[Data entries]

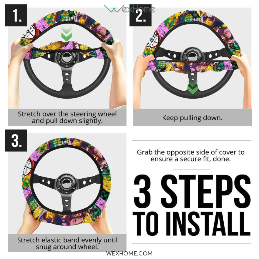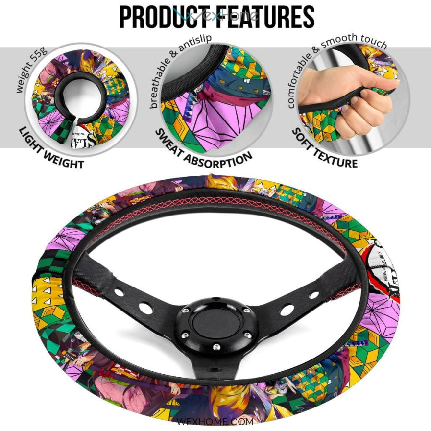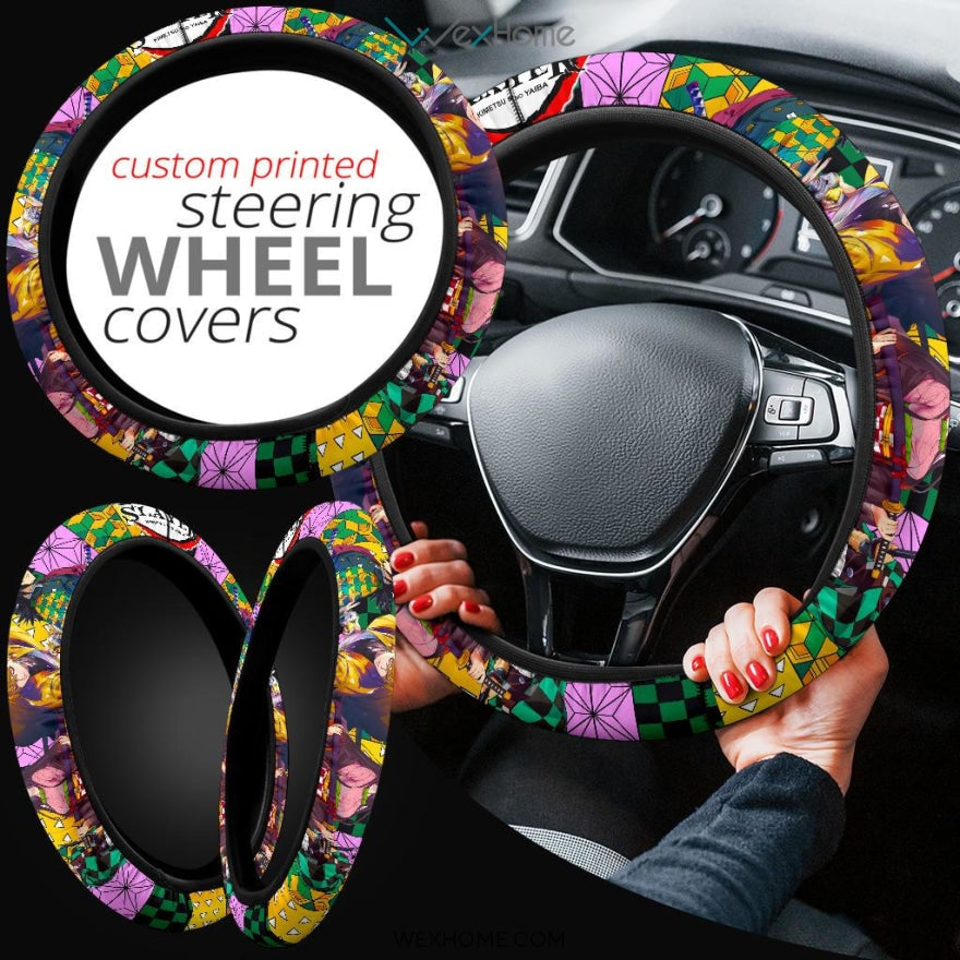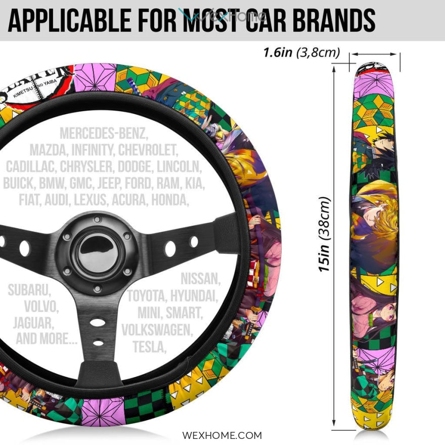 Demon Slayer Anime Steering Wheel Cover | Tanjiro Nezuko Zenitsu And Giyuu Unique Background Steering Wheel Cover
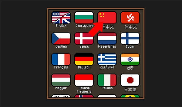 1、首次进入游戏时,系统会提示玩家选择语言,找到对应简体中文的国旗选项并点击即可完成设置
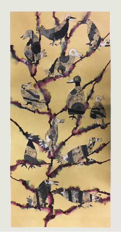 《話臉譜》是由我國傳統戲劇臉譜為基礎,經過線條、色塊的變形,表現出更為夸張的臉部表情。整體色彩鮮明,對比強烈,亮晶晶的粉末裝飾成為點睛之筆,使傳統的京劇臉譜變得更加鮮活、閃亮。
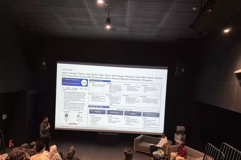 Direktur Utama PT Jakarta Propertindo (Perseroda) atau Jakpro Iwan Takwin memaparkan program kerja pada 2026, salah satunya terkait Planetarium di Jakarta. (ANTARA/Mario Sofia Nasution).
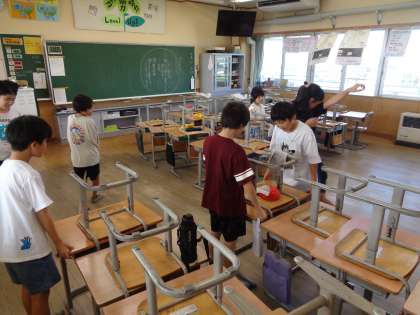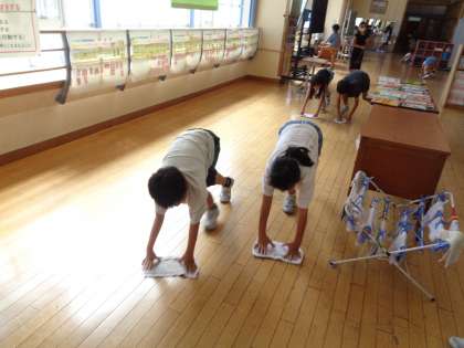 みんなで協力して掃除をしていました。時間いっぱい隅々まできれいにしようと頑張るすてきな4年生でした。
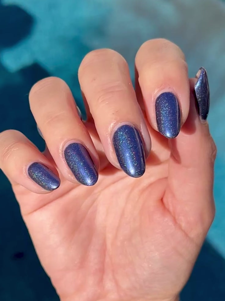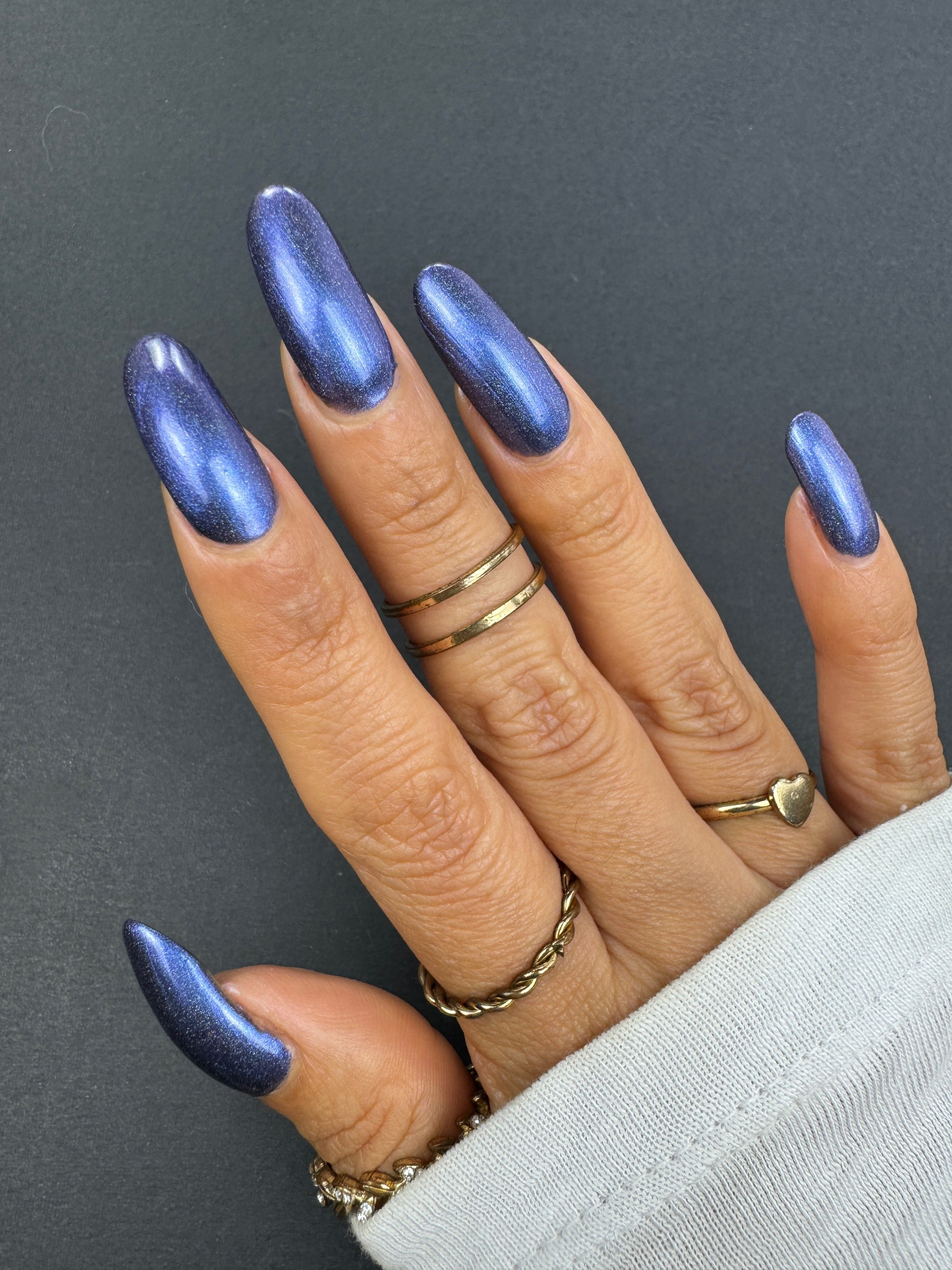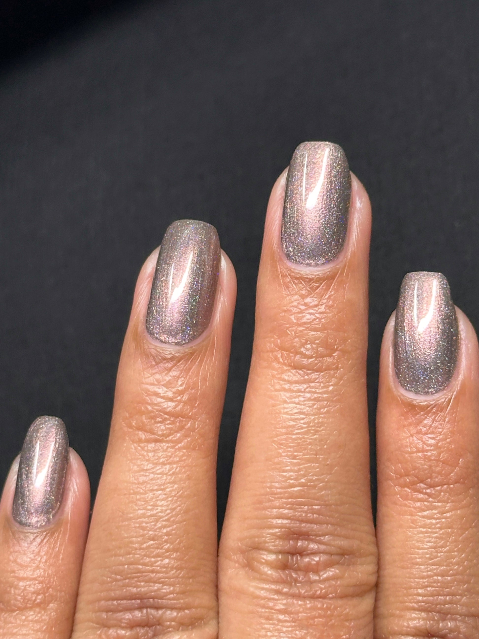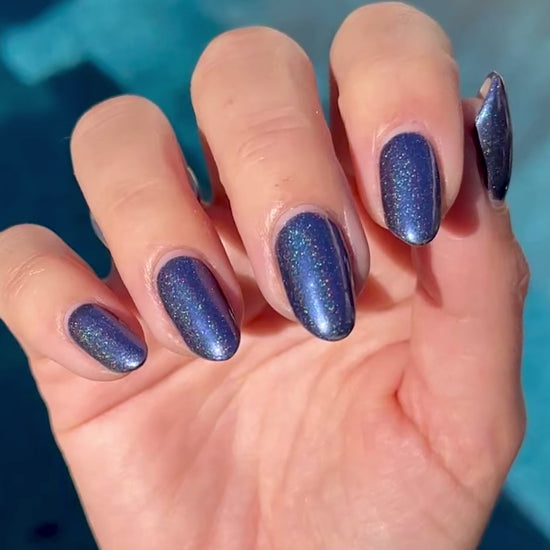 🌌Nightfall Nimbus is a black linear holographic polish with a medium-dark blue pearlescent shimmer. Looking up at the captivating midnight sky, as the storm clouds roll in and eclipse the moon, these clouds will shower down upon the forest canopy soon.
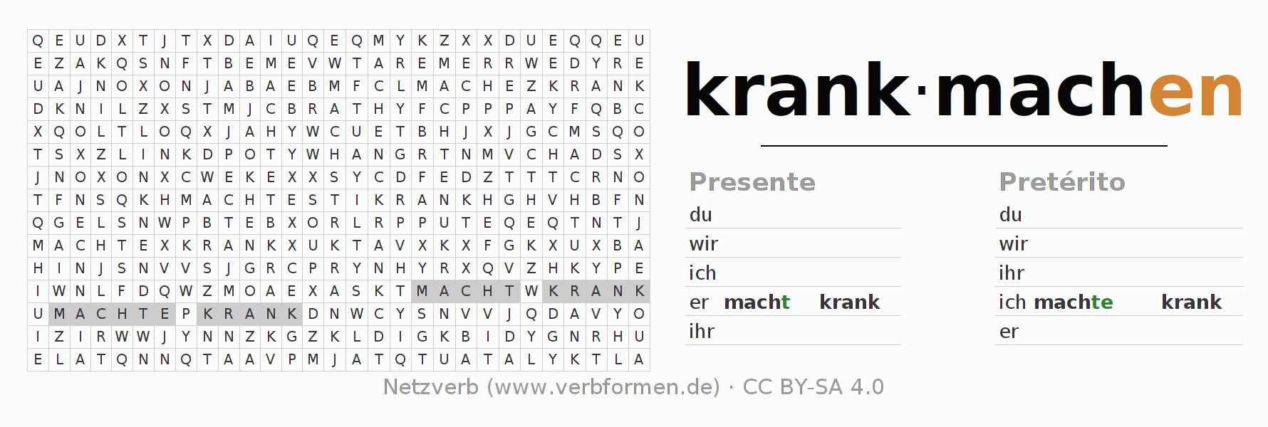 Caça-palavras para todas as formas do verbo krankmachen

» What is needed
Give again, exactly as written above, every line from the one holding "Direktur Utama PT" to the one holding "forest canopy soon.", with both ends kept and the pictures left out.

» Task result
 Direktur Utama PT Jakarta Propertindo (Perseroda) atau Jakpro Iwan Takwin memaparkan program kerja pada 2026, salah satunya terkait Planetarium di Jakarta. (ANTARA/Mario Sofia Nasution).
 みんなで協力して掃除をしていました。時間いっぱい隅々まできれいにしようと頑張るすてきな4年生でした。
 🌌Nightfall Nimbus is a black linear holographic polish with a medium-dark blue pearlescent shimmer. Looking up at the captivating midnight sky, as the storm clouds roll in and eclipse the moon, these clouds will shower down upon the forest canopy soon.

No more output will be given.